Material shown »
--

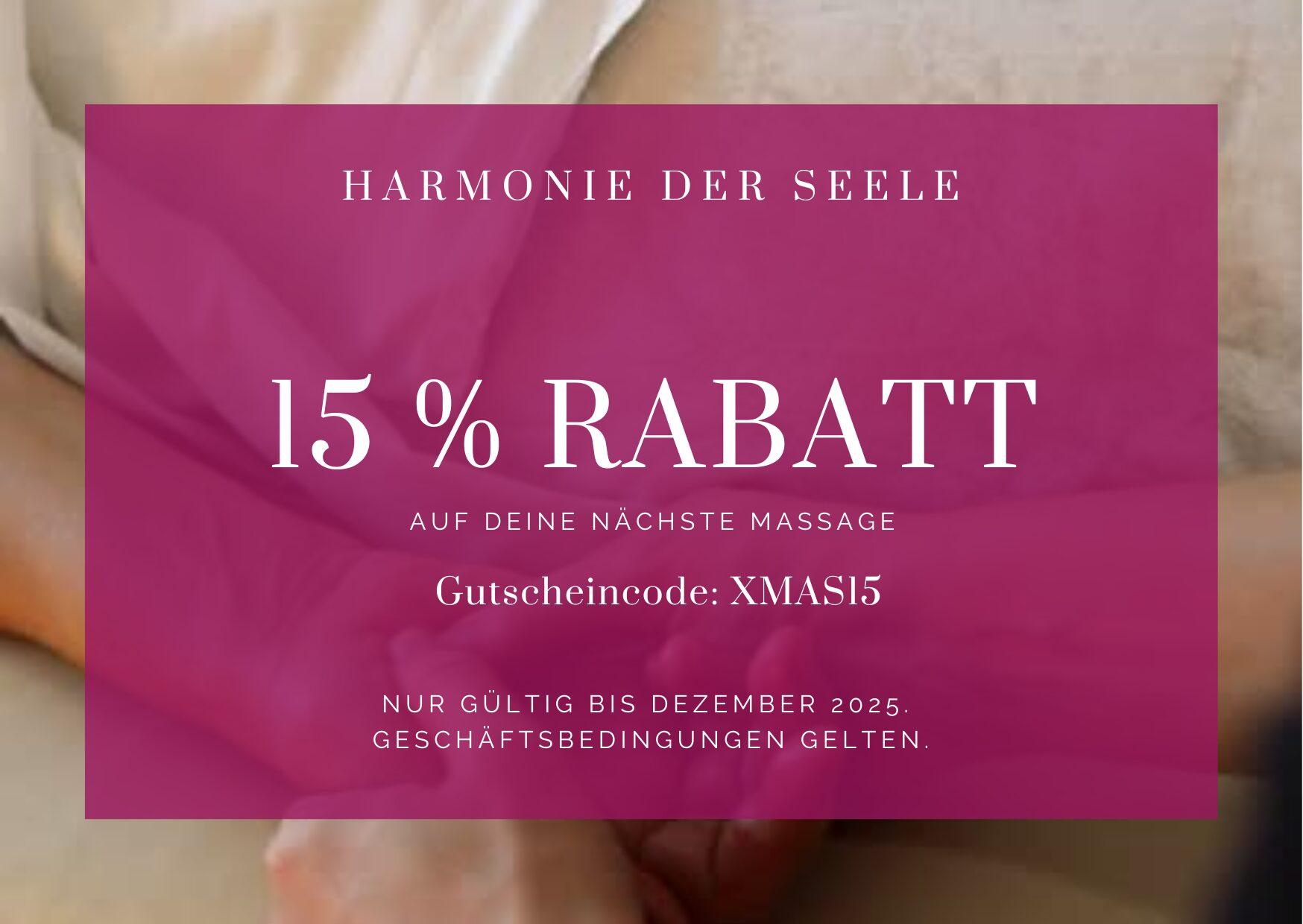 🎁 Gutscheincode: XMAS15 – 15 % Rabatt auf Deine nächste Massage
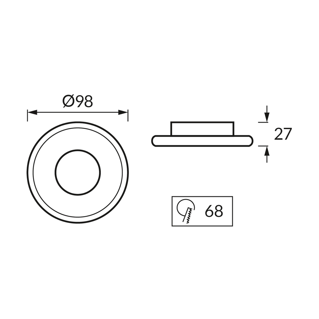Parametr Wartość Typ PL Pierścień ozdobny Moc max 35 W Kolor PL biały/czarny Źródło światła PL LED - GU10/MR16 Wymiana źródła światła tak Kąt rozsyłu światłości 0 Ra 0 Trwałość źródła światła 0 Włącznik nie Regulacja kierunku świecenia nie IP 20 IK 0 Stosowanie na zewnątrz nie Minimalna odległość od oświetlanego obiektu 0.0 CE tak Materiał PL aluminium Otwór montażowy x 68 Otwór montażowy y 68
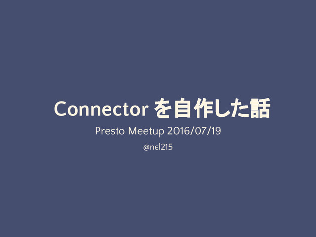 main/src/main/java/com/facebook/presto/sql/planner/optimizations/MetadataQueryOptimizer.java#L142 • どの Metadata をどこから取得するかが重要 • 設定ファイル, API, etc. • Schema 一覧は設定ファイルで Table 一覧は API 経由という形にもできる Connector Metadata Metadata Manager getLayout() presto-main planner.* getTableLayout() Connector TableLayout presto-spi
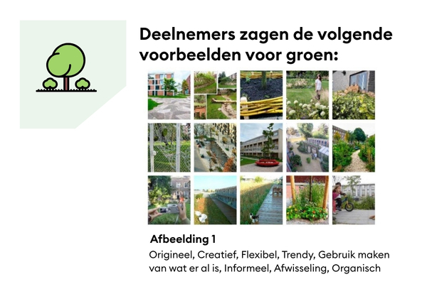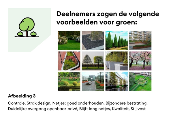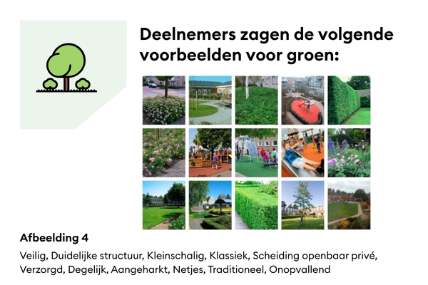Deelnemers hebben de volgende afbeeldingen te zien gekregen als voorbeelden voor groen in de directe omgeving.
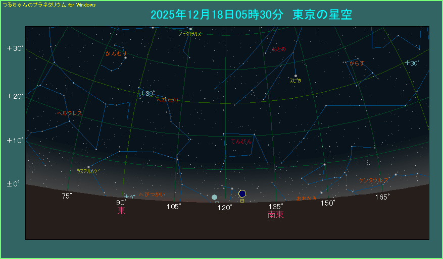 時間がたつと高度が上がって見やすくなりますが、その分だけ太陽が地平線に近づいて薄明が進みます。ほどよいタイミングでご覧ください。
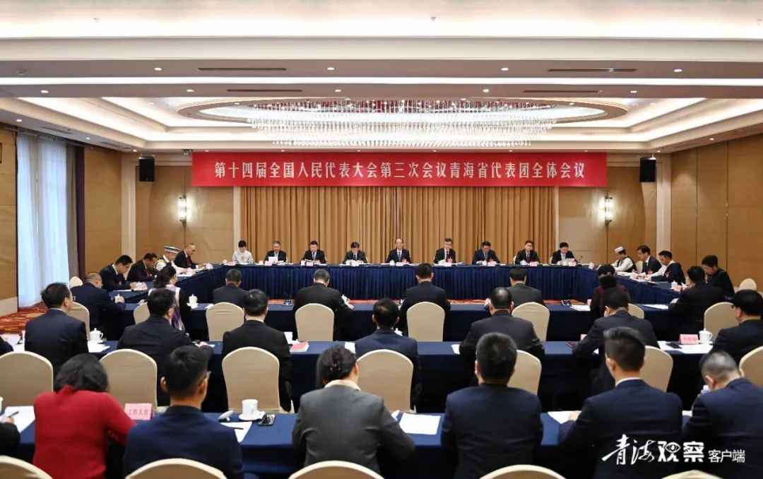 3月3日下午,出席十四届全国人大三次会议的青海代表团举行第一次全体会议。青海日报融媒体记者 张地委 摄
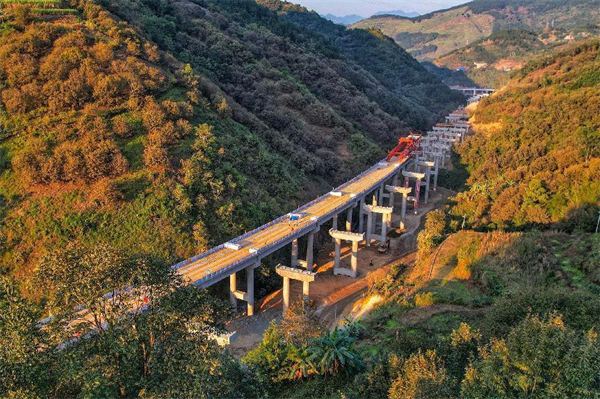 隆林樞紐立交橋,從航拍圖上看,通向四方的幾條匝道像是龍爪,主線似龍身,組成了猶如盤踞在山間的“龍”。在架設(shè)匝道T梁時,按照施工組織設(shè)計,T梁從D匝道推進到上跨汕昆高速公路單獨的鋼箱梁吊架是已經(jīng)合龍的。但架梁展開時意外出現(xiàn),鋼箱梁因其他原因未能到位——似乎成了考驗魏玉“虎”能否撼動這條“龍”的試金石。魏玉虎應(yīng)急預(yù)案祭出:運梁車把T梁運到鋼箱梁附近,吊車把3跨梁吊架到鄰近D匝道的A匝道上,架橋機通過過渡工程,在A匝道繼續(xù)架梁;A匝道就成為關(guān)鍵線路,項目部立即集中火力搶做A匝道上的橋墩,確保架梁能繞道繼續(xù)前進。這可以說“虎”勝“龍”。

--

What to produce »
Every line from the start of the listing above through the line with "Parametr Wartość Typ" should be repeated exactly; skip the pictures and add nothing else.

Worked solution »
 🎁 Gutscheincode: XMAS15 – 15 % Rabatt auf Deine nächste Massage
Parametr Wartość Typ PL Pierścień ozdobny Moc max 35 W Kolor PL biały/czarny Źródło światła PL LED - GU10/MR16 Wymiana źródła światła tak Kąt rozsyłu światłości 0 Ra 0 Trwałość źródła światła 0 Włącznik nie Regulacja kierunku świecenia nie IP 20 IK 0 Stosowanie na zewnątrz nie Minimalna odległość od oświetlanego obiektu 0.0 CE tak Materiał PL aluminium Otwór montażowy x 68 Otwór montażowy y 68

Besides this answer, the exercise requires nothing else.